При дворе началась таинственная тишь, словно ожидание новой перемены; празднества, прекратились, придворные точно пришибленные, только один Алексей Григорьевич не трусит, лукаво усмехается не верится ему в злые умыслы Лопухиных и Бестужевых, но сметливый хохол до времени не выпускает своих мыслей, думает, будет время, пройдет горячка, не в пору слово только испортит, встревоженное страхом чувство не может холодно взвешивать и обсуждать.
Для исследования преступных замыслов образовалась особая комиссия из лип достойных и не способных отступить ни перед какими мерами. Комиссия состоит из сенатора, старого ветерана подобных дел, бывшего начальника тайной канцелярии, ревностно в продолжение тридцати лет, с легкой руки Петра Великого, охранявшего общественное спокойствие и благочиние, Андрея Ивановича Ушакова, генерал-прокурора князя Никиты Юрьевича Трубецкого и тайного советника графа Армана Лестока; делопроизводителем комиссии выбрали тоже лицо подходящее — кабинет-секретаря Демидова. В состав комиссии не вошел даже действительный начальник тайной канцелярии Александр Иванович Шувалов — не понадеялись; недостаточно казался он окрепшим в кровавом застенке.
Следователи торопились.
Едва защелкнул замок за последней арестанткой Настенькой, помещенной в отдельной комнатке, выходящей окнами на двор, как Андрей Иванович с Никитой Юрьевичем и Лестоком приступили к Ивану Степановичу с допросом. Андрей Иванович находил, что допросы, взятые тотчас же непосредственно после ареста, когда человек еще в полном смущении, расстроен, бывают самыми успешными, а товарищи верили его многолетней опытности, его тонкому знанию человеческой природы, его умению, как гениального артиста, извлекать из человеческого организма, как из музыкального инструмента, какие угодно ноты.
Андрей Иванович к каждому своему пациенту относился с особым приемом — грозным, мягким, равнодушным, небрежным, даже шутливым.
Игривый прием он особенно любил и чаще употреблял. Нельзя было видеть без особенного душевного умиления, как он, повторяя историю кошки с мышью, так любовно шутил с человеком: ласкает его, ободряет, а потом вдруг неосторожно схватит, закапает кровь, ожжет болью, — но Андрей Иванович по-прежнему улыбается, гладит по ране, заживляет до нового неосторожного приступа. Играя таким образом, высасывая у человека всю его силу, всю его крепость нервов, он достигал полнейшего бессилия — такого состояния, когда человек бессознательно говорит то, что незаметно ему подсказывается.

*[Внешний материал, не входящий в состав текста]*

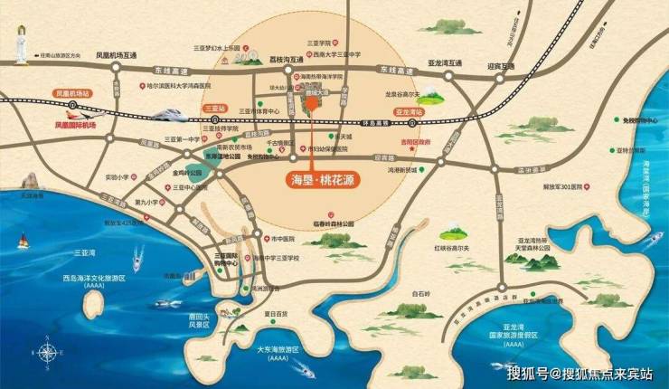 【交通配套】地处落笔洞路、鹿城大道主干道,毗邻环岛高速荔枝沟互通0.8公里。距离三亚动车站7公里,三亚凤凰机场17公里,多维立体交通,畅通全城。
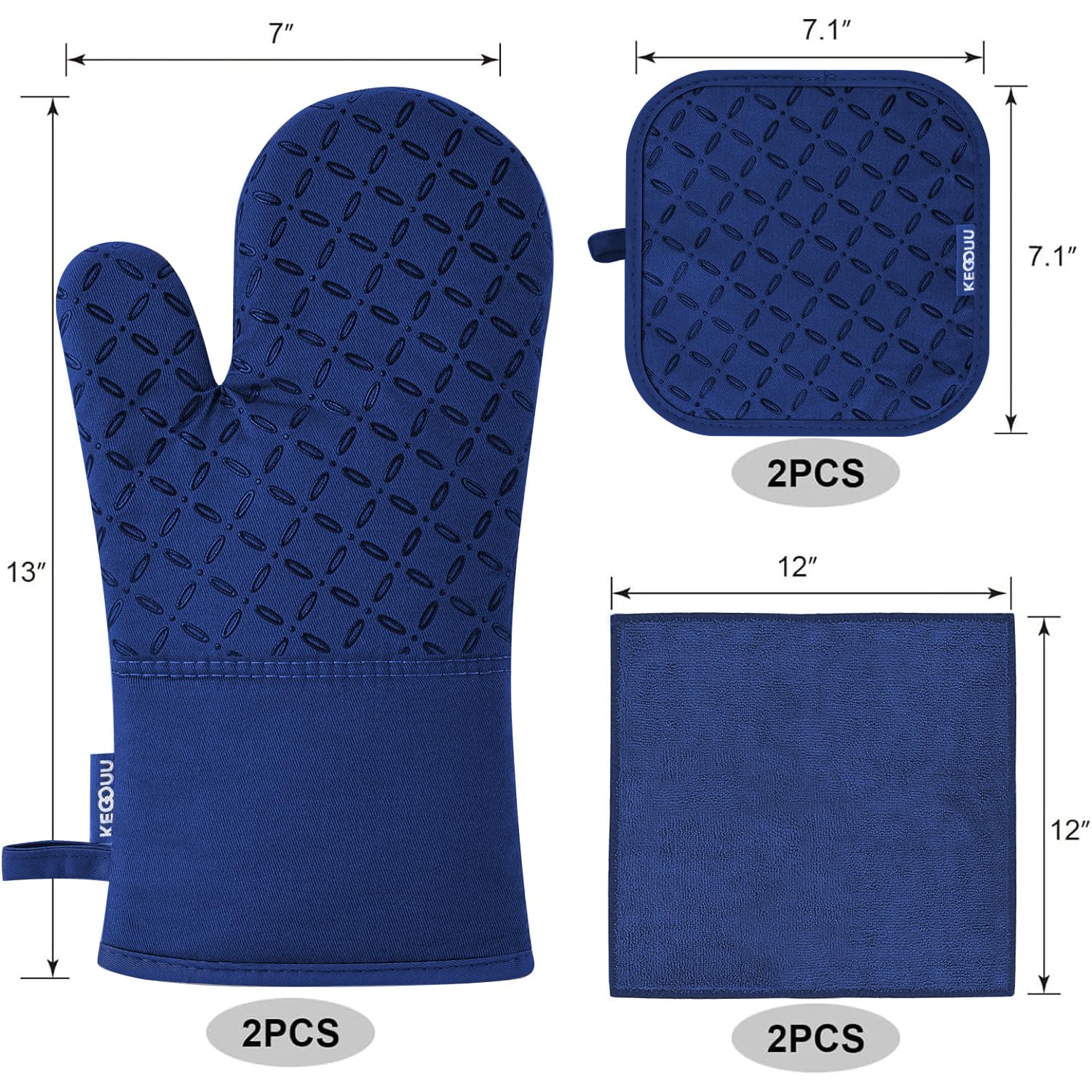 6 PIECE KITCHEN ACCESSORY SETS: -Our oven mitts and pot holders set including 2pcs non-slip surface silicone kitchen oven gloves (7X13in), 2pcs pot holders (7X7in) and 2 kitchen towels (12x12in), fit for indoor cooking, baking,BBQ or outdoor grilling. Also the oven mitt set is a perfect ideal kitchen gift for women, men, baker, cooker

Ободрился Иван Степанович при первом допросе Андрея Ивановича и, наверное, выболтал бы все, если б было что на душе. К несчастью, он не чувствовал себя виноватым, никаких злых умыслов не замышлял, а если болтал, так на то и язык дан, и нет оттого никому никакого вреда. На ласковые расспросы Андрея Ивановича с чистосердечным соболезнованием о несправедливости к молодому человеку нового правительства Иван Степанович без запинки сознался, что действительно он считал себя обиженным за удаление от камер-юнкерства, за понижение чином, что это неудовольствие разделяли все близкие, отец и мать, что он жалел о бывшем правительстве, что осуждал императрицу Елизавету Петровну, говорил, что она ездит в Царское Село пить английское пиво, что она родилась за три года до брака и что вообще находил чуть не предосудительным бабье правление. О злых же умыслах на перемену правительства, о восстановлении Брауншвейгской фамилии и о всяких реальных поползновениях к тому совершенно умолчал и даже положительно отрицал всякую мысль о том. Андрей Иванович напомнил ему об участии Ботты, но Иван Степанович отозвался полным неведением.